BEGIN

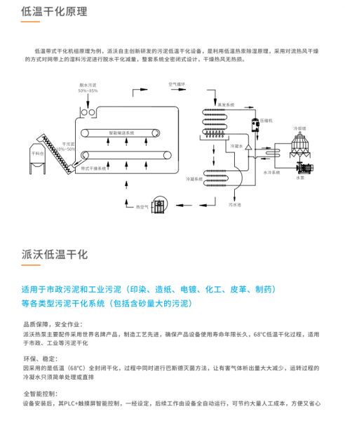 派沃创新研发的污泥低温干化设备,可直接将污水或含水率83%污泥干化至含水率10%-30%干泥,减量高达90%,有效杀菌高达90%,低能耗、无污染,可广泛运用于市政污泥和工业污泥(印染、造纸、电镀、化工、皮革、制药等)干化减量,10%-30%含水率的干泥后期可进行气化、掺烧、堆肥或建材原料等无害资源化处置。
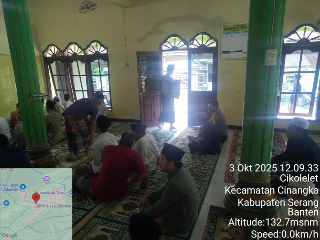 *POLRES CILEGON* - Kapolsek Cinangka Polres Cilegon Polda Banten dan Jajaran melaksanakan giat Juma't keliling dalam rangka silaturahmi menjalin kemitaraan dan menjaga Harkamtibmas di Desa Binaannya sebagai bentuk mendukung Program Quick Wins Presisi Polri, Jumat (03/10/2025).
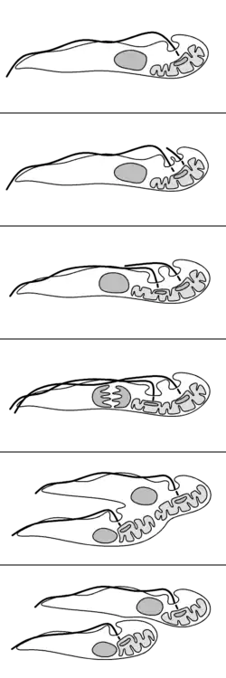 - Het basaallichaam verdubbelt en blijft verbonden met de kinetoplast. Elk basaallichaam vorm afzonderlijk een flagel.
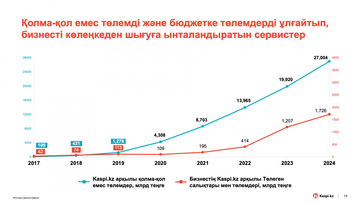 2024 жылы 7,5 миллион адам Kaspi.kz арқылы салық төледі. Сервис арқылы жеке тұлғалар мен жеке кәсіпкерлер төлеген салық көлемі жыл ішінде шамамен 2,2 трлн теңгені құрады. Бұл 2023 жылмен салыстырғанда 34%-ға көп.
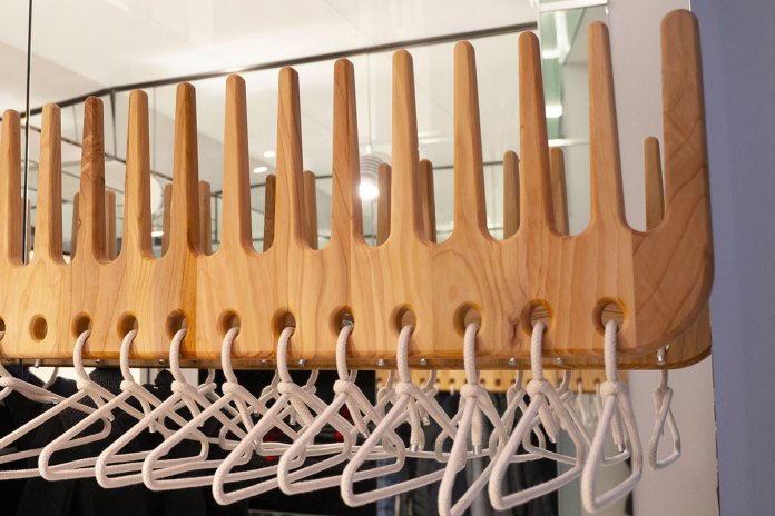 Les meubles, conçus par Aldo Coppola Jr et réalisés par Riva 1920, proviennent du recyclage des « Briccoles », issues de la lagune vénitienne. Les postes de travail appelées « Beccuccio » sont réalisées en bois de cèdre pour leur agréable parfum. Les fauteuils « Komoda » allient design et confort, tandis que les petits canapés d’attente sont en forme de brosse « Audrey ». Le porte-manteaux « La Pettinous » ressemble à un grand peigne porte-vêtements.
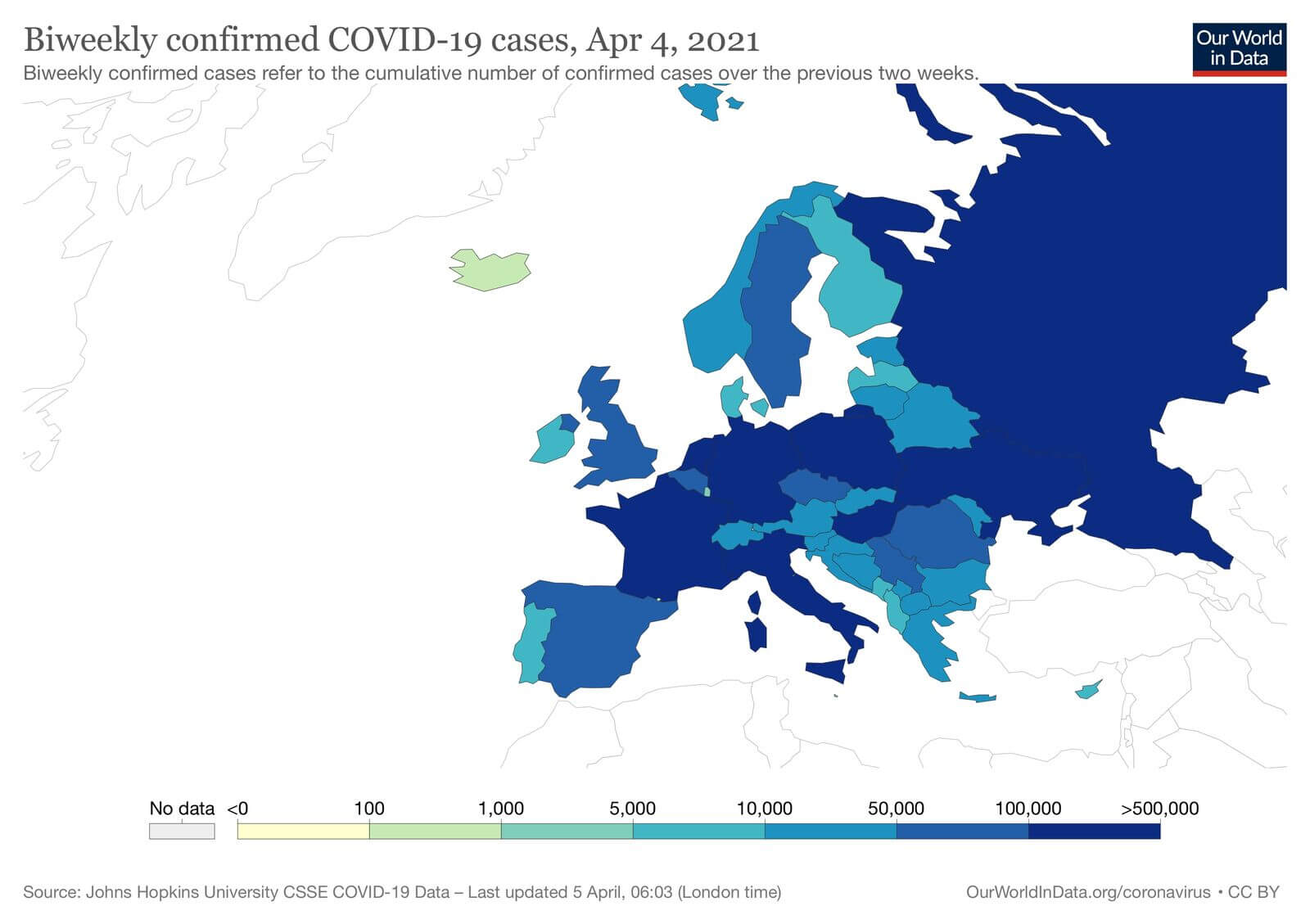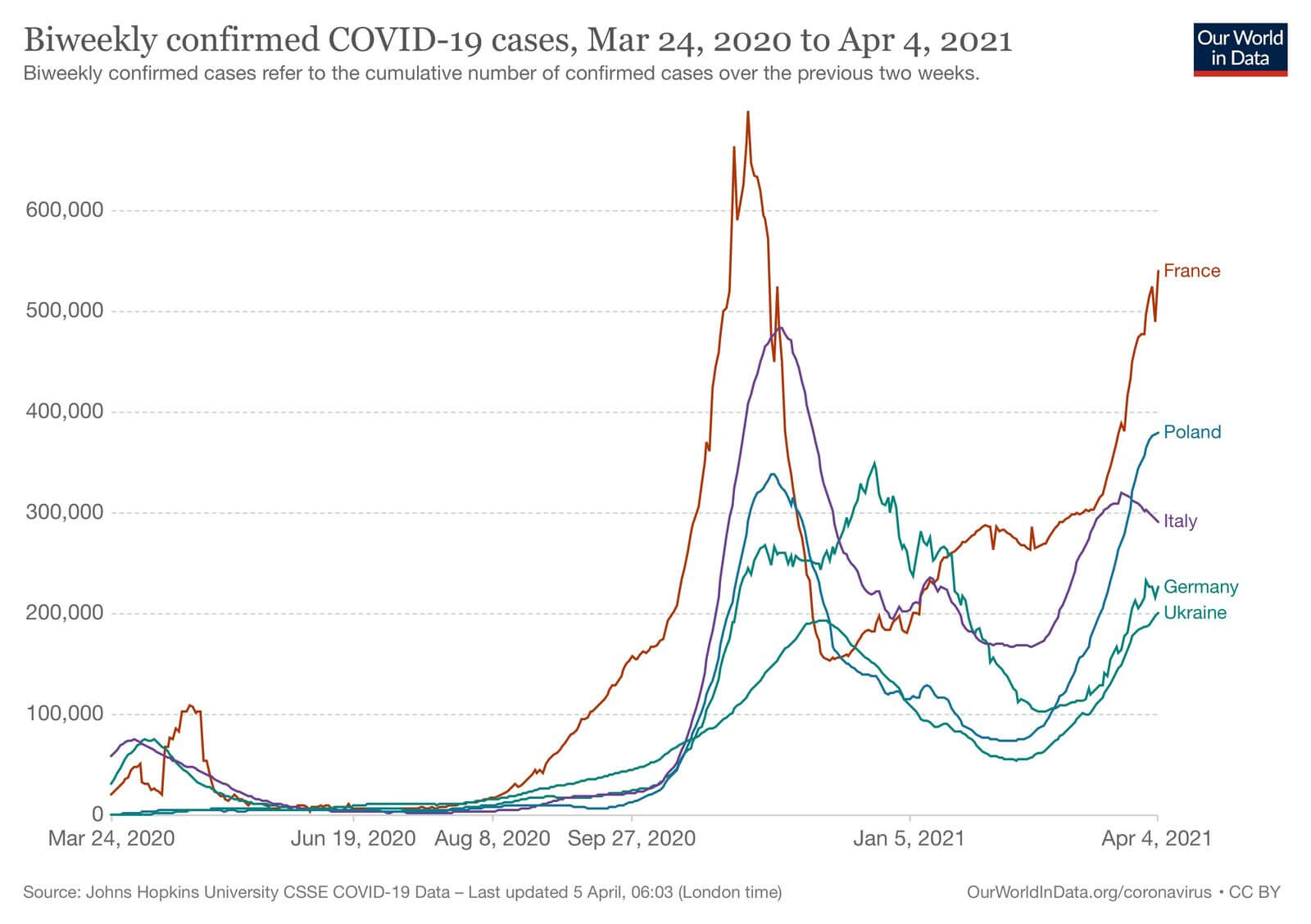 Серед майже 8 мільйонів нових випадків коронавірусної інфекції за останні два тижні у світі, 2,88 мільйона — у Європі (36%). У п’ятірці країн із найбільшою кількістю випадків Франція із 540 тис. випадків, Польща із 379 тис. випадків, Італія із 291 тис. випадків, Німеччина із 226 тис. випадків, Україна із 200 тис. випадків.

END

Please take the lines from the beginning of the data above through the line holding "2024 жылы 7,5" and transcribe them exactly, without any pictures.

Answer below —
 派沃创新研发的污泥低温干化设备,可直接将污水或含水率83%污泥干化至含水率10%-30%干泥,减量高达90%,有效杀菌高达90%,低能耗、无污染,可广泛运用于市政污泥和工业污泥(印染、造纸、电镀、化工、皮革、制药等)干化减量,10%-30%含水率的干泥后期可进行气化、掺烧、堆肥或建材原料等无害资源化处置。
 *POLRES CILEGON* - Kapolsek Cinangka Polres Cilegon Polda Banten dan Jajaran melaksanakan giat Juma't keliling dalam rangka silaturahmi menjalin kemitaraan dan menjaga Harkamtibmas di Desa Binaannya sebagai bentuk mendukung Program Quick Wins Presisi Polri, Jumat (03/10/2025).
 - Het basaallichaam verdubbelt en blijft verbonden met de kinetoplast. Elk basaallichaam vorm afzonderlijk een flagel.
 2024 жылы 7,5 миллион адам Kaspi.kz арқылы салық төледі. Сервис арқылы жеке тұлғалар мен жеке кәсіпкерлер төлеген салық көлемі жыл ішінде шамамен 2,2 трлн теңгені құрады. Бұл 2023 жылмен салыстырғанда 34%-ға көп.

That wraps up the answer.